Les premiers enquêteurs et la juge d'instruction ont été entendus mardi matin devant la Cour d'assises de Liège au procès de Marcel Habran et consorts pour expliquer les devoirs effectués dans l'enquête relative à l'assassinat de Georges Hardy. L'instruction a démontré que Pol Maréchal était le commanditaire de cet assassinat que Bennane et Rosato auraient exécuté.
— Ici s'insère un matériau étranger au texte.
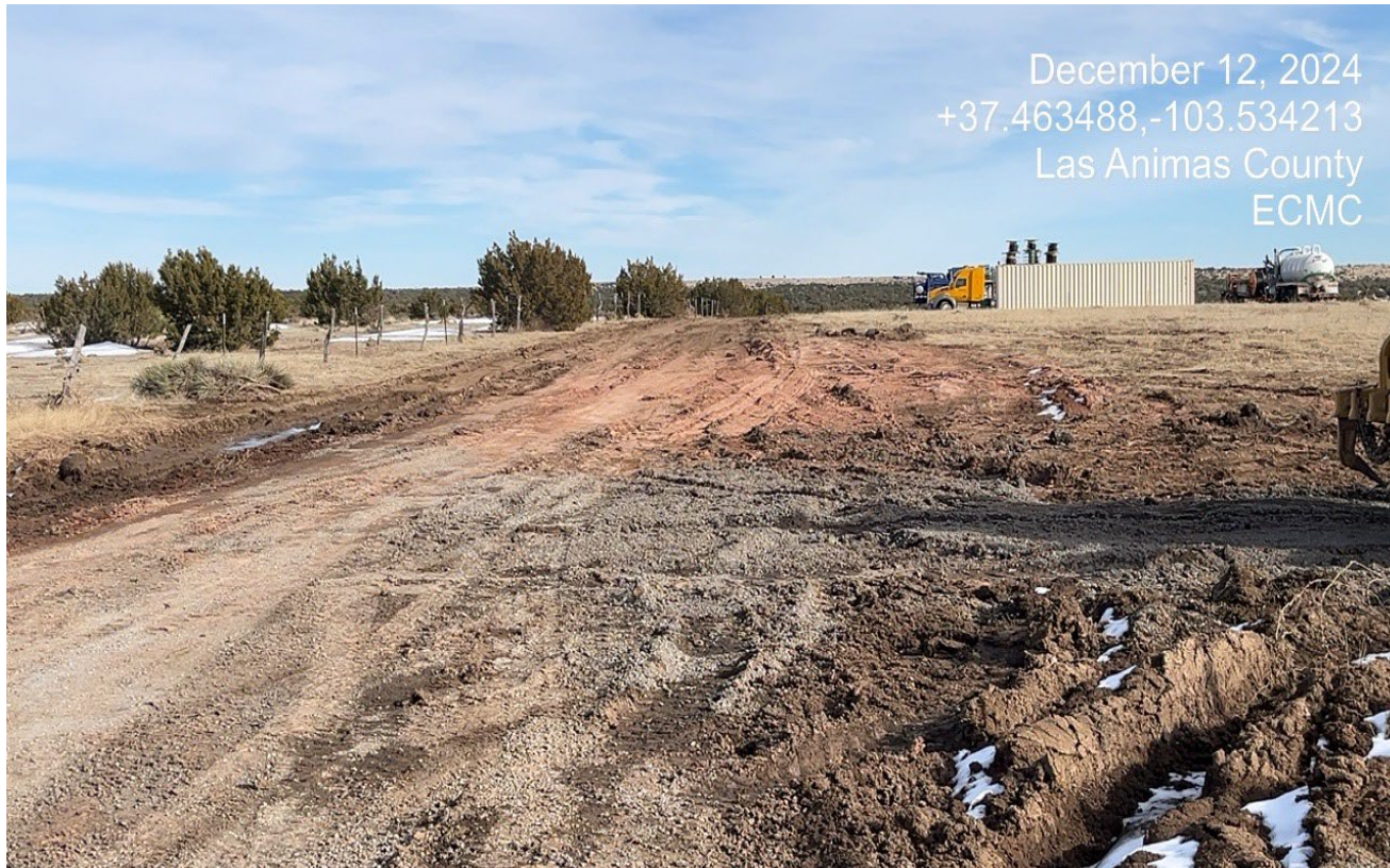
Photo 9. Standing on County Road 179 facing east toward DEO property. There is red drill cutting sand that has been spread on the road at Lat/Long:37.40116,-103.51736. E&P waste from the wellsite was not properly disposed.

Georges Hardy a été abattu le 20 février 2003 alors qu'il se trouvait à "L'Alison Café" de Fléron. Il était attablé au centre de l'établissement avec trois autres personnes quand deux individus tout de noir vêtus sont entrés par une partie latérale. L'un d'eux s'est avancé dans le dos de Hardy et a tiré à deux reprises en direction de sa tête avec une arme de gros calibre. Georges Hardy est mort sur le coup.

La juge d'instruction Danielle Reynders a exposé que ce sont les déclarations de Cej Bejtulah en décembre 2004 qui ont fait avancer l'enquête. Ensuite, Tony Samardzic et Didier Singleton ont apporté les informations permettant de confondre Anouar Bennane, Pépé Rosato et Tony Samardzic.

Selon ces informations, Léopold Maréchal était fou de rage contre Georges Hardy et était décidé à le supprimer. "Maréchal lui reprochait d'avoir mal travaillé dans la construction d'un garage, d'avoir été une balance et d'avoir des vues sur son épouse", a précisé la juge d'instruction. Prekopuca aurait même rapporté que Maréchal "avait les dents jusqu'aux chaussures" à l'égard de Hardy. Selon Singleton, Léopold Maréchal aurait pris sa décision définitive lorsqu'il a appris qu'à l'époque où il était emprisonné, Hardy avait fait des commentaires sur le physique avantageux de sa femme.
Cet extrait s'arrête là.